Let’s start our discussion by looking at a case: 56-year-old female presenting with fatigue, weight loss, and vague abdominal pain. She underwent a CT of the abdomen and pelvis, which found a 7-cm hypodense liver lesion with multiple satellite lesions adjacent to the dominant liver mass and periportal lymphadenopathy. A biopsy revealed adenocarcinoma that was consistent with the diagnosis of cholangiocarcinoma or bile duct cancer. PET scan showed a large liver mass that was hypermetabolic in addition to multiple hypermetabolic liver lesions and periportal lymph nodes. Molecular testing was performed, and it was found that the tumor was IDH and FGFR wild-type and the tumor was HER2 positive 3+ by IHC.
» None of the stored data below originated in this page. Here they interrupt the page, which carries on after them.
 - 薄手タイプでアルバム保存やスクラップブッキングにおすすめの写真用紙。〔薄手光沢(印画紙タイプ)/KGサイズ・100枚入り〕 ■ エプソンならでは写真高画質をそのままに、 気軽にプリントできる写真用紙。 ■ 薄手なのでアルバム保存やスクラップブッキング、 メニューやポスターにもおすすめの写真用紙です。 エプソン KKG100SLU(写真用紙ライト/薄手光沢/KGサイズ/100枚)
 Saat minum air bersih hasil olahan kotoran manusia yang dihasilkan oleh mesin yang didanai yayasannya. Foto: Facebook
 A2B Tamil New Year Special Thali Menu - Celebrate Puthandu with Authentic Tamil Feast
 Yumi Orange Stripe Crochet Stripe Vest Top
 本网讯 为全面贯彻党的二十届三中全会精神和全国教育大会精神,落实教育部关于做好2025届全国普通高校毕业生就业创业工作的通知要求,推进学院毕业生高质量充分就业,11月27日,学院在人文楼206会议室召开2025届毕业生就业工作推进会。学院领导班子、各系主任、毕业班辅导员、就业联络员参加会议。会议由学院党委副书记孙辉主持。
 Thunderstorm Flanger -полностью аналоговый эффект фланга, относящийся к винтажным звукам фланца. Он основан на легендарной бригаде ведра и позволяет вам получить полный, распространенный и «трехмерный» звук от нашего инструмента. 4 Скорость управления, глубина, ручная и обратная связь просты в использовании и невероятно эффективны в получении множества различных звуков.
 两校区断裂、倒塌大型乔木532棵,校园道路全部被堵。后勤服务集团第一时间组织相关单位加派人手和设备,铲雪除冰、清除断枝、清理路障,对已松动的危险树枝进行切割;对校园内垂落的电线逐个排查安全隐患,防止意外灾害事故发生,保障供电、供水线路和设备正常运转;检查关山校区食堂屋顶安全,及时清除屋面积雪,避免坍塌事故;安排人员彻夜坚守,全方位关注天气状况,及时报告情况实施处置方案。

The patient was started frontline on gemcitabine, cisplatin, and durvalumab, which is a checkpoint inhibitor. After 6 months, patient’s cancer progressed though her ECOG PS was preserved at 1. There was a serum next-gen sequencing, a ctDNA, which found the ERBB2 amplification or HER2 amplification. Now what treatment would recommend next?
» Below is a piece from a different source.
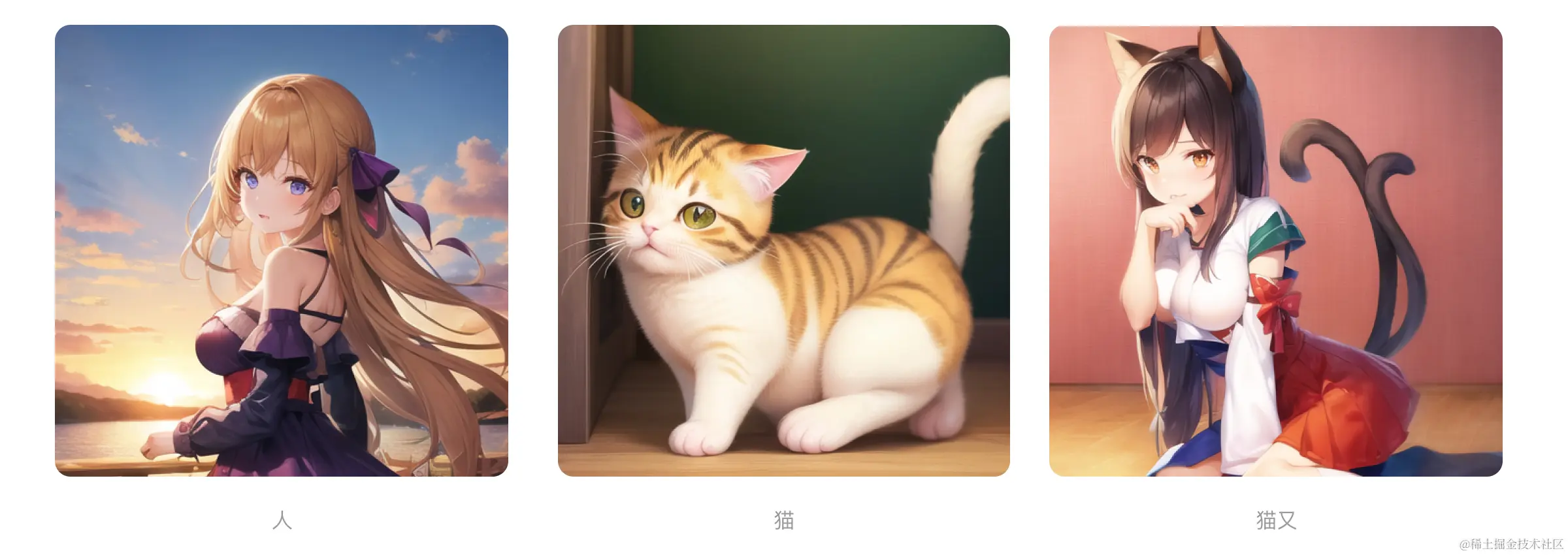 如果说checkpoint是一本大字典,那Embeddings就像是字典里面的一片小书签,它能够精准的指向个别字、词的含义,从而提供一个极其高效的索引。这种索引方式,除了能帮AI更好地画好字典里已经有的东西以外,有时候也可以帮我们实现特定形象的呈现。比如:我们想让AI画一只“猫又”,字典里虽然没有直接记载猫又这种比较偏僻的概念,但它知道“猫”怎么画、知道“人”怎么画,也可能知道“妖怪”怎么画,那我们就在字典上记有这些概念的页面里,分别夹上一片醒目的书签,那AI一听到“猫又”,就直接翻到这几页,把里面的信息汇总到一起,就知道“猫又”是个什么东西了。

The right answer for this is probably trastuzumab deruxtecan, though you could also take FOLFOX. And the reasoning is when the second-line trial was done with FOLFOX versus best supportive care, FOLFOX was better than best supportive care, but the response rate with FOLFOX was 5%, compared to trastuzumab deruxtecan in which patients with biliary tract cancers who had IHC 3+ had a high response rate of 56.1%. So though you could use FOLFOX in this case, if eligible, patient could use trastuzumab deruxtecan. The other important factor is that the patient still maintained the HER2 overamplification, which was tested just before this agent was given, and that’s important.
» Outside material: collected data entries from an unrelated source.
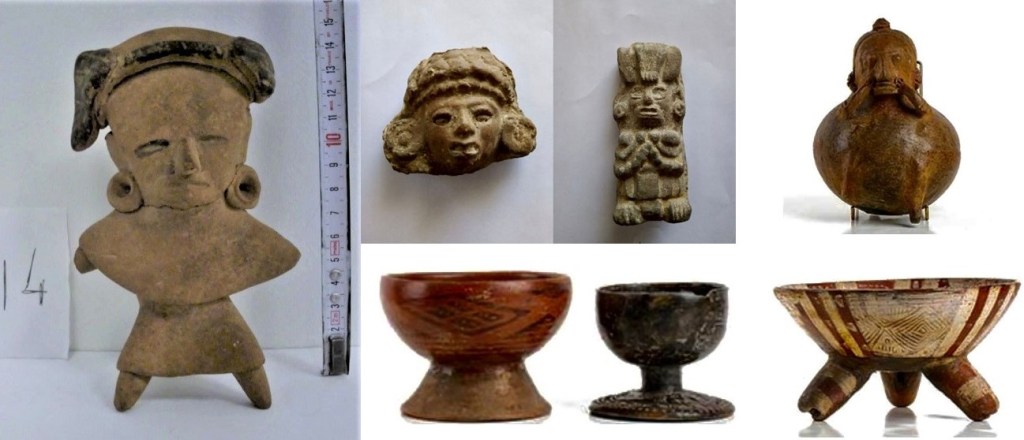 Entre las piezas recuperadas se encuentran estatuillas, ollas, copas y figurillas antropomorfas, entre otras, que pertenecen a diversas culturas y épocas prehispánicas de México.
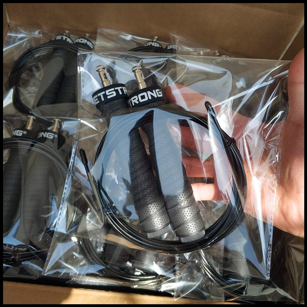Product material :PP handle +PU sweat absorption belt +PVC wire rope
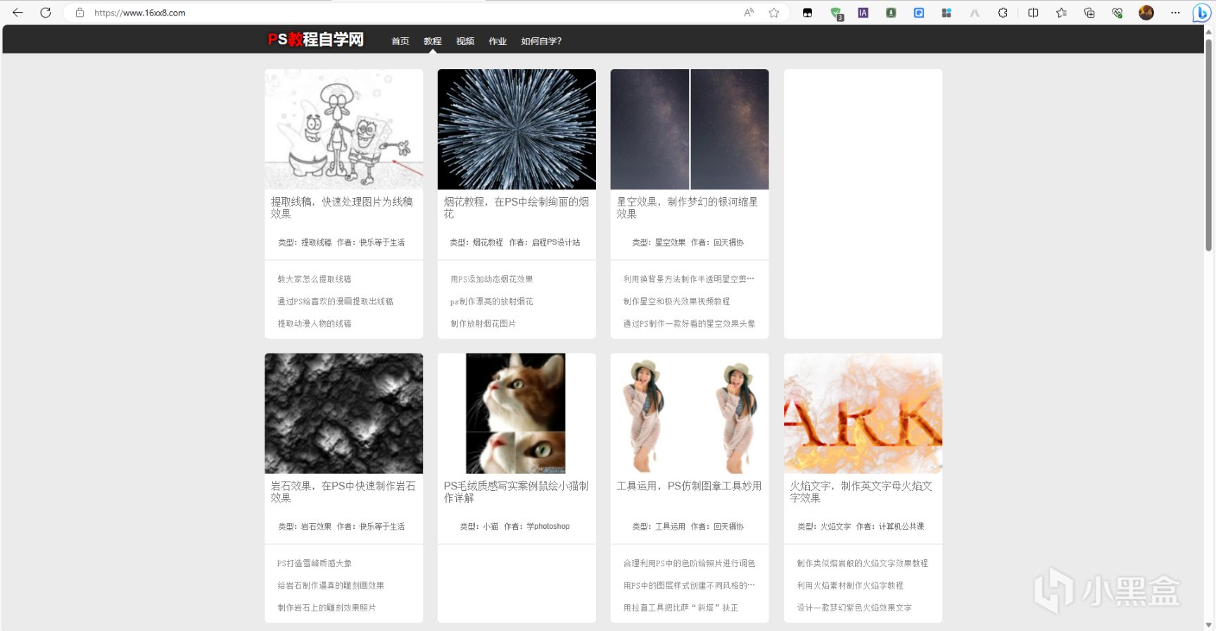 这个网站呢有许多分类的教程,如:基础教程、滤镜教程、文字特效、美化教程、调色教程、图片处理、抠图教程、合成教程、修复教程(数了一下,有13个,每个教程下还有不同的子教程)

But remember, trastuzumab deruxtecan has its own side effects. Just because it’s an ADC does not mean it’s not got side effects. You can look at side effects which are normally nausea, anorexia, vomiting, and hematological toxicities, but you always have to look out for interstitial lung disease also.
So though you could use chemotherapy, based on the recent approval of trastuzumab deruxtecan in HER2 IHC 3+, which is tumor agnostic, including biliary tract cancers, you might want to consider trastuzumab deruxtecan in these patients.
Now I’m going to briefly discuss the NCCN Guideline recommendations for unresectable metastatic biliary tract cancers which are HER2 amplified. And in these patients the NCCN Guidelines say that you can either go with trastuzumab and pertuzumab, and that is based on a basket trial called MyPathway, which showed a response rate of 23% in these patients with HER2-amplified biliary tract cancers. You can use trastuzumab deruxtecan which now has an approval in the setting. You can also use a combination of tucatinib with trastuzumab, and this was based on another basket trial which was presented in ASCO 2023 in which patients had a response rate of 47% with tucatinib and trastuzumab in HER2-overexpressing biliary tract cancers.
To summarize the key points of the discussion, if a patient with biliary tract cancer has HER2 3+ disease, they have multiple treatment options after frontline therapy. NCCN Guidelines do state a trastuzumab with pertuzumab, or you could use trastuzumab with tucatinib. Also, trastuzumab deruxtecan, which is an ADC, has been approved in this setting for IHC 3+ disease.
With that, my time is up. I hope this brief case review was useful to you. Thank you so much for listening.